I did wonder if there was a Windows app to give me this functionality, but I can't find anything.

Yeah there is, it's called the device driver kit. :-)
http://www.microsoft.com/whdc/ddk/winddk.mspx

From what I read in your post, I have a feeling that you are not looking for a solution that simply preprocess the CSV and fire-off the dos app, but rather you are looking for something that hooks into the file open and file access. So that when your program, say, opens 'generate.pl' for read, it actually runs the perl script, and read from the text file instead. Kind of transparent to the DOS application.
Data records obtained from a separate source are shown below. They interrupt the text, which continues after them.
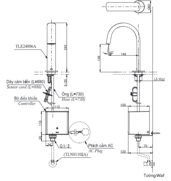 Thông số cơ bản của Vòi Lavabo TOTO TLE24008A Cảm Ứng Tự Động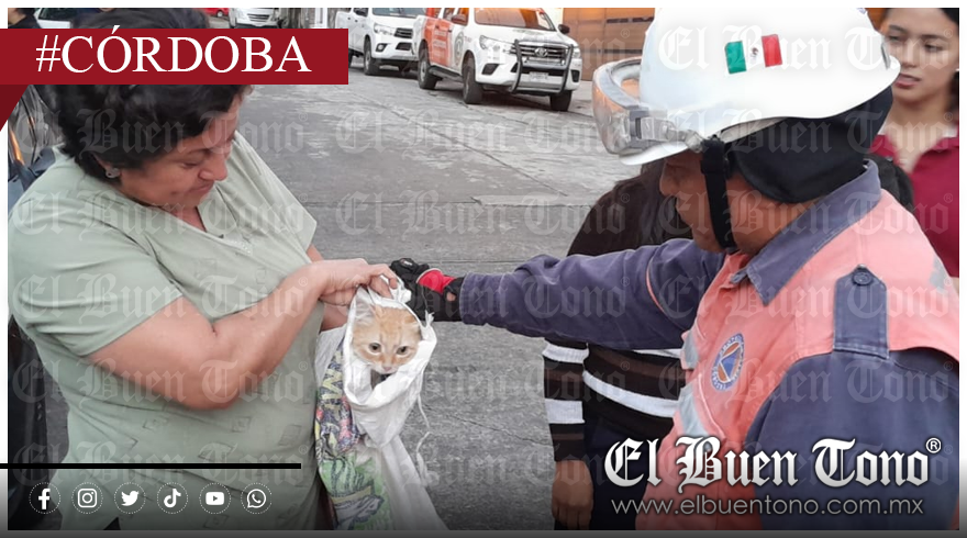 Córdoba.- Bomberos de la ciudad de Córdoba y personal de Protección Civil rescataron un gato, que se encontraba atrapado en un pino de unos 18 metros de altura.
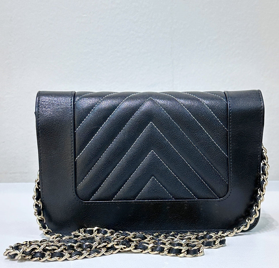Chanel V Stitch Calfskin Chain wallet Black GHW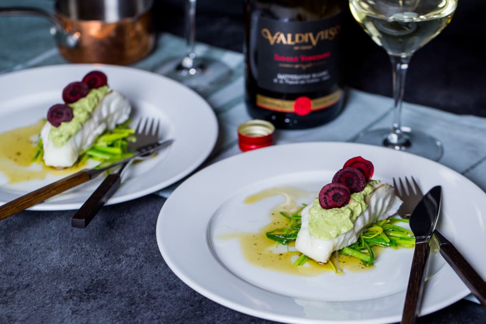 - Opvarm ovnen til 180 grader. Hæld vinen i et ovnfast fad, og placer torskestykkerne i fadet, som tilberedes i ovnen i ca. 10 – 15 minutter. For, at tjekke om de er klar kan man sætte en kød nål i et torskestykke, og dernæst på læben. Er nålen varm er de klar.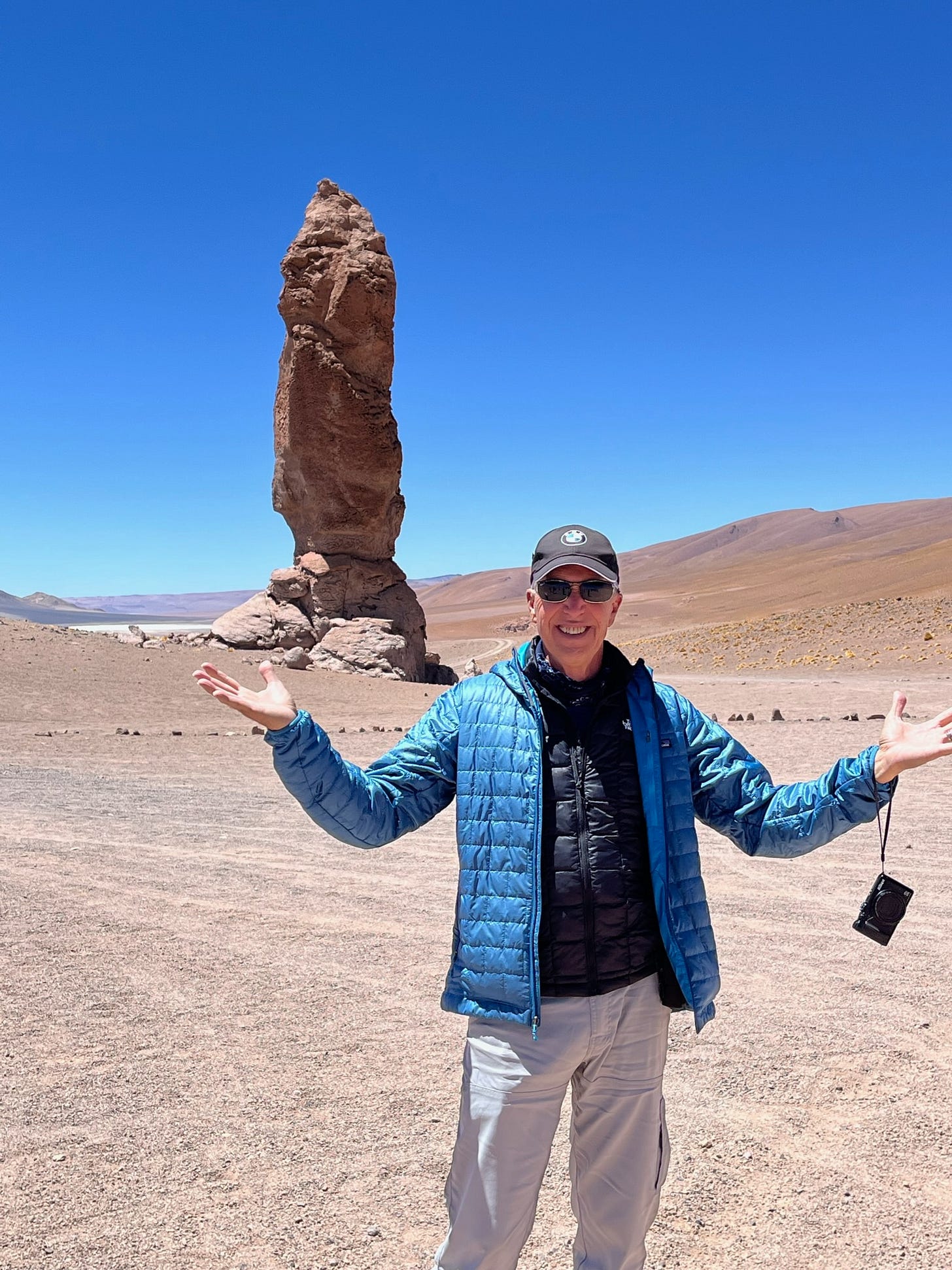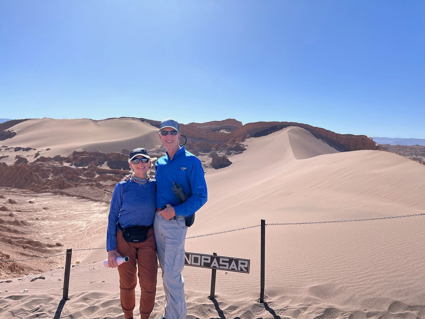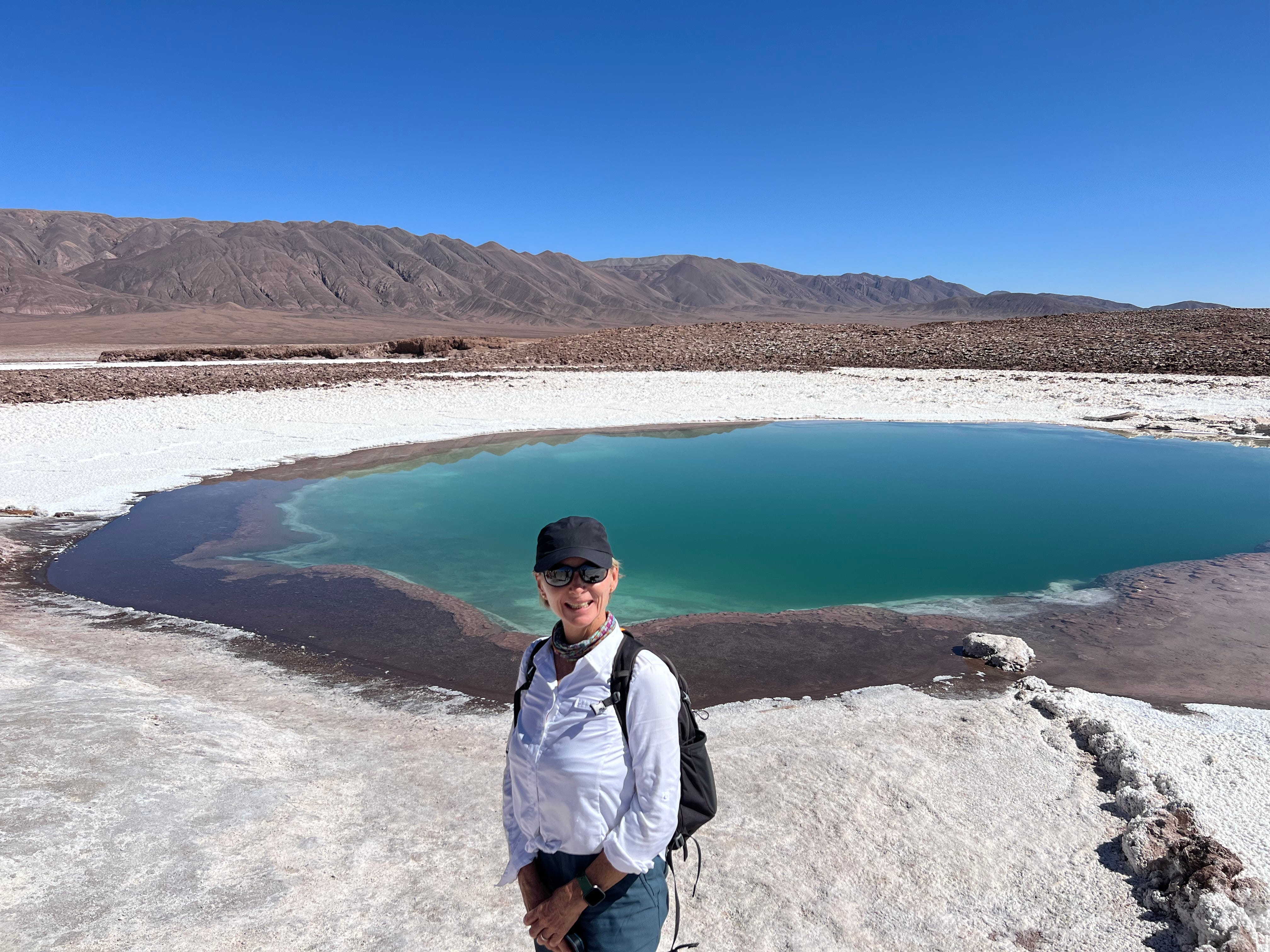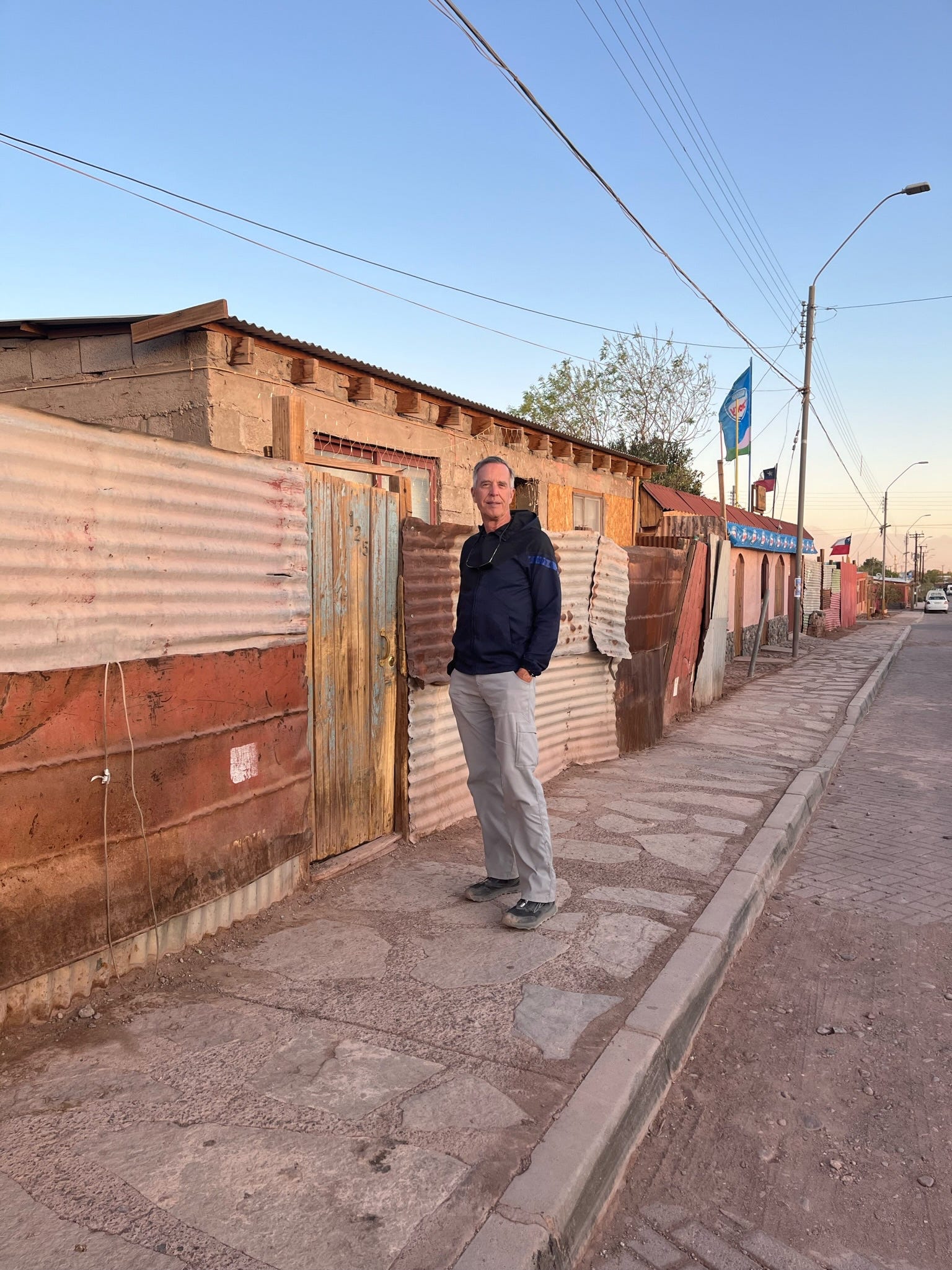 So what’s with the Atamacama and who the hell want’s to venture there? The Atacama is 41,000 square miles of the second driest non-polar desert in the world landing within two rain shadows. It’s been the site of numerous Mars testing sites, and the largest array of radio-telescopes in the World (Alma with 66 dishes). Beyond that however is the town of San Pedro de Atacama, a dry (you would have guessed that), rather ramshackle yet quaint town east of Calama, favored with underground waters from two rivers flowing down from the Andes. It is a virtual vortex for the young outdoor adventure crowd including mountain climbers, trekkers, long-distance bicyclists, mountain bikers, star gazers, and others who don’t fit the mold (like ourselves-never did find anyone near my age), but who thrive on the unexpected/ other worldly landscapes.

So basically you want to create a device driver that hooks into the file I/O subsystem under Windows. When a process tries to open a file, it checks the extension of the file, if it matches 'pl', then it executes the perl script, generates the CSV file, and then open the CSV file instead.

So the answer is yes, it is possible. But a bit insane. :-)

Update: The Win32::Pipe module mentioned above by matija is certainly worth a try, before you diving deeper into Windows internals. But that's only half the solution, you will still need to hook into the Windows I/O subsystem somehow to trigger the execution of the Perl script.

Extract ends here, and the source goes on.